*** Available data Section Begins ***

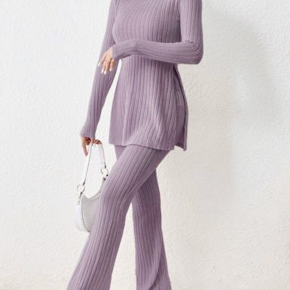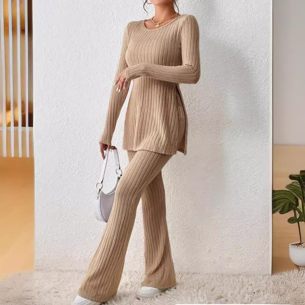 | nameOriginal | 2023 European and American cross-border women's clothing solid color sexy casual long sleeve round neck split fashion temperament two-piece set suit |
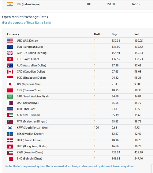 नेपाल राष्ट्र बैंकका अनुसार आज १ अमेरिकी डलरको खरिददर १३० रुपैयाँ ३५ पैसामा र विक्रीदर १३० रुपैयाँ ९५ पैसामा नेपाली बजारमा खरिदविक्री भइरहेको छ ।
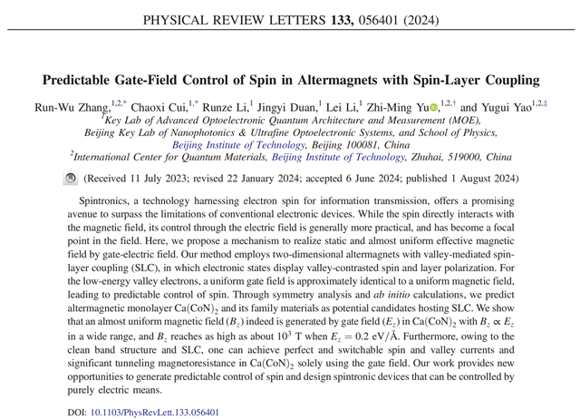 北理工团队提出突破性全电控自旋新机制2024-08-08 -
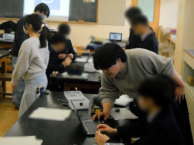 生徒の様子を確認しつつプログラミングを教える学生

*** Available data Section Ends ***
*** Available data Section Begins ***

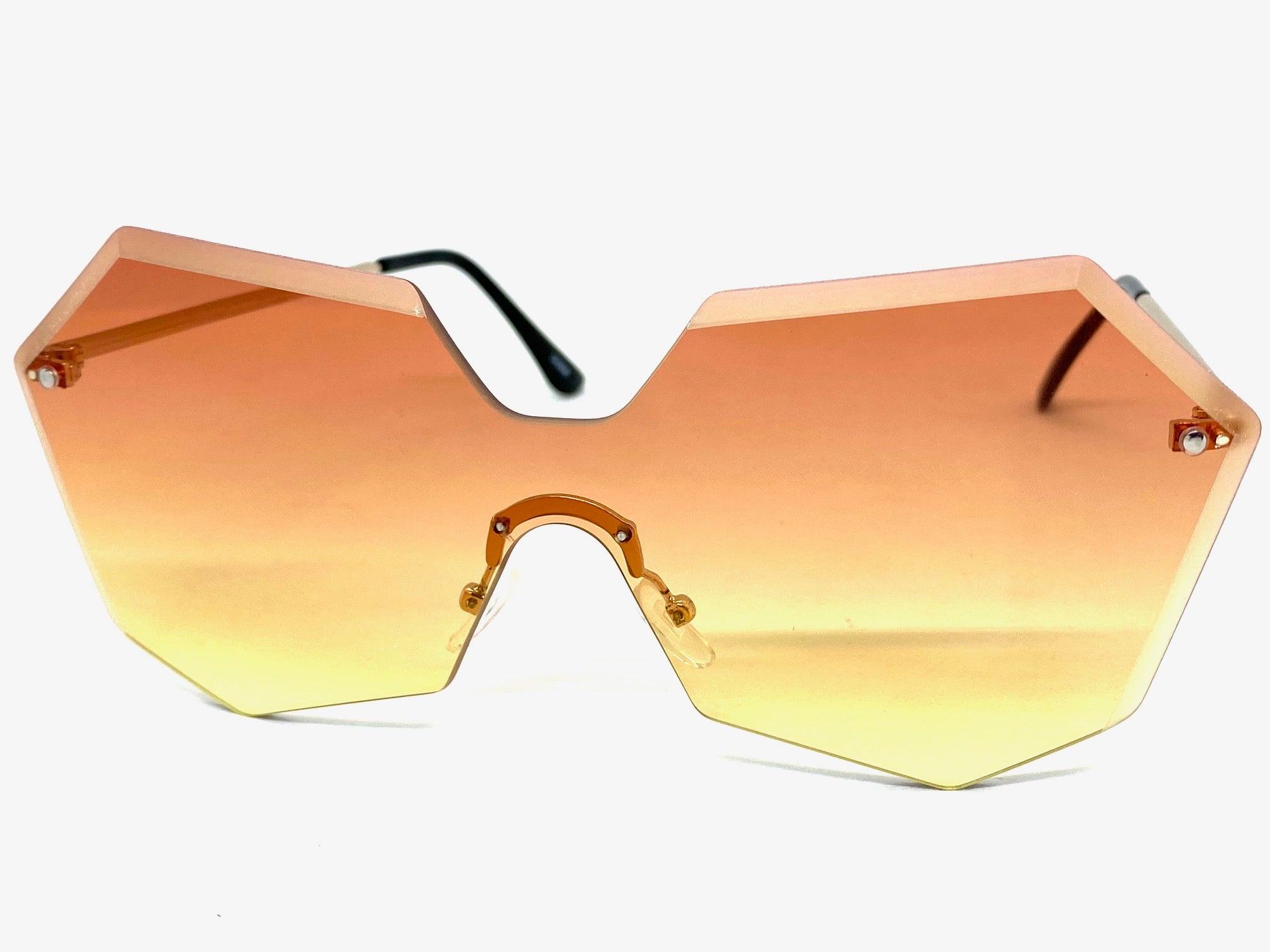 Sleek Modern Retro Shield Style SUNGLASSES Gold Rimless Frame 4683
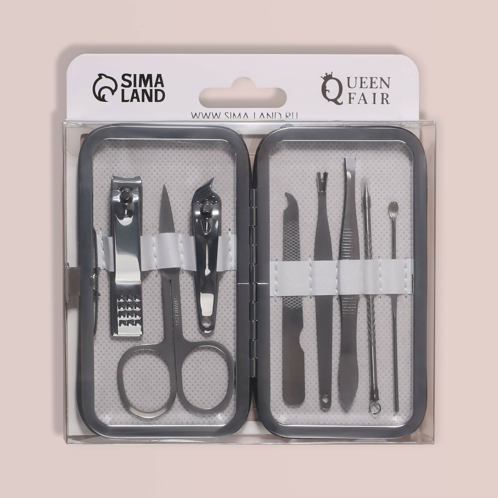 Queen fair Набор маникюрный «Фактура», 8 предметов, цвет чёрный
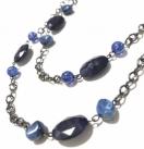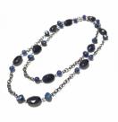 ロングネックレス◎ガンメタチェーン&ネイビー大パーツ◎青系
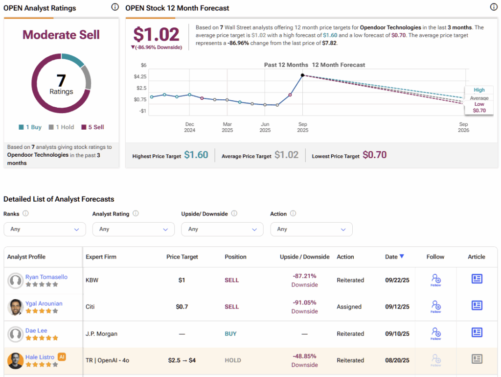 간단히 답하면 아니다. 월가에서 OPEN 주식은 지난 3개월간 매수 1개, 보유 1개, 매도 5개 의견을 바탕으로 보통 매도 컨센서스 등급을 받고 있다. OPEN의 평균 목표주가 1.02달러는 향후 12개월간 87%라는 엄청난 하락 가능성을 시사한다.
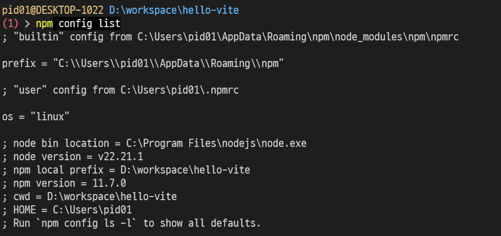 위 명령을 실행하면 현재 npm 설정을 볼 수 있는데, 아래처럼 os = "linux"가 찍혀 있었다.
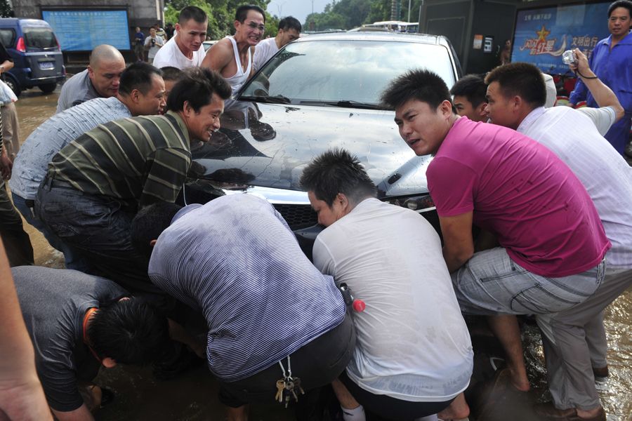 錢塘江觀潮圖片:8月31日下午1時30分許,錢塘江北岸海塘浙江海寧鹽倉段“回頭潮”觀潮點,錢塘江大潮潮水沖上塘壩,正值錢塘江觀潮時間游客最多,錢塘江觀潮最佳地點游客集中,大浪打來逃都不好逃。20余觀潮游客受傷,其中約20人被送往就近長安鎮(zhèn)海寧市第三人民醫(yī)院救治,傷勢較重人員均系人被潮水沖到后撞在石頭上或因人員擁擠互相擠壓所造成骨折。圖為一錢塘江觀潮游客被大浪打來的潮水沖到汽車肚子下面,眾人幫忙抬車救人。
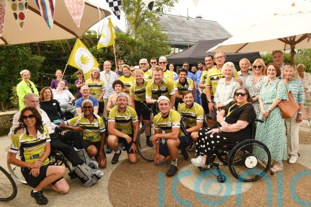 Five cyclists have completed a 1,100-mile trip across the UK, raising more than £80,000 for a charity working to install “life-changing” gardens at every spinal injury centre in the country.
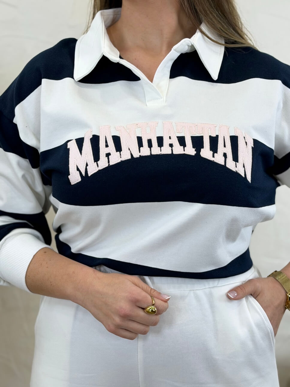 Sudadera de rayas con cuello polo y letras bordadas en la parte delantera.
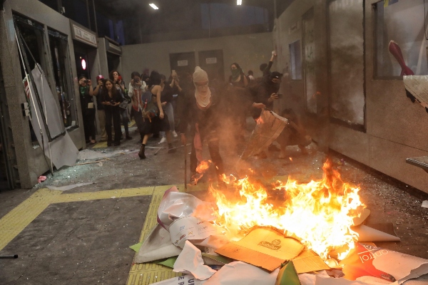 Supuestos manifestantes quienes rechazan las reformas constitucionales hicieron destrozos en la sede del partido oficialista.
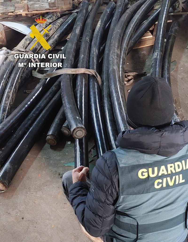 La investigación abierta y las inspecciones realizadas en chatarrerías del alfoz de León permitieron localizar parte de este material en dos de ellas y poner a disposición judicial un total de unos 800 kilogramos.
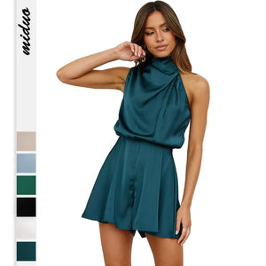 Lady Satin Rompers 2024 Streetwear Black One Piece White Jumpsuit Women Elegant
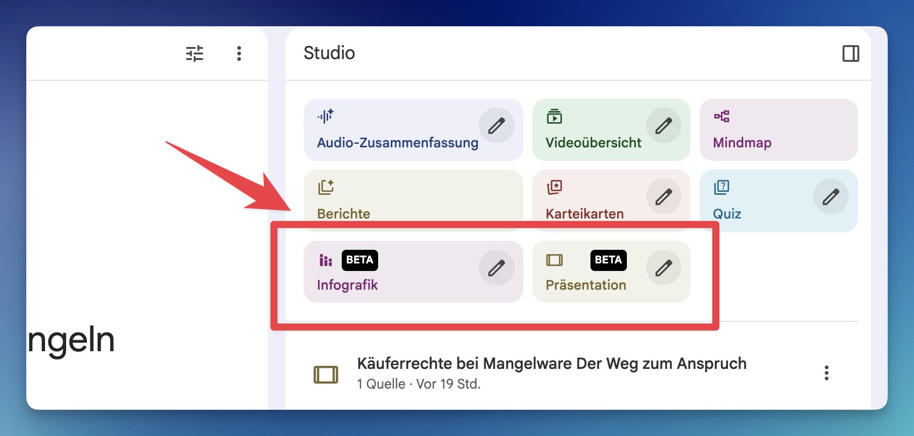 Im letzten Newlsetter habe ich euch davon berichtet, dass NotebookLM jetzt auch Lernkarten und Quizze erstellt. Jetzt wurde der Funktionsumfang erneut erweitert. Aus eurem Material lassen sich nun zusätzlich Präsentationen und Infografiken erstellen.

*** Available data Section Ends ***

## Task description
Please output the lines above beginning at the line with "Lady Satin Rompers" and ending after the line with "Im letzten Newlsetter", precisely as written and with no pictures.

## Answer box
 Lady Satin Rompers 2024 Streetwear Black One Piece White Jumpsuit Women Elegant
 Im letzten Newlsetter habe ich euch davon berichtet, dass NotebookLM jetzt auch Lernkarten und Quizze erstellt. Jetzt wurde der Funktionsumfang erneut erweitert. Aus eurem Material lassen sich nun zusätzlich Präsentationen und Infografiken erstellen.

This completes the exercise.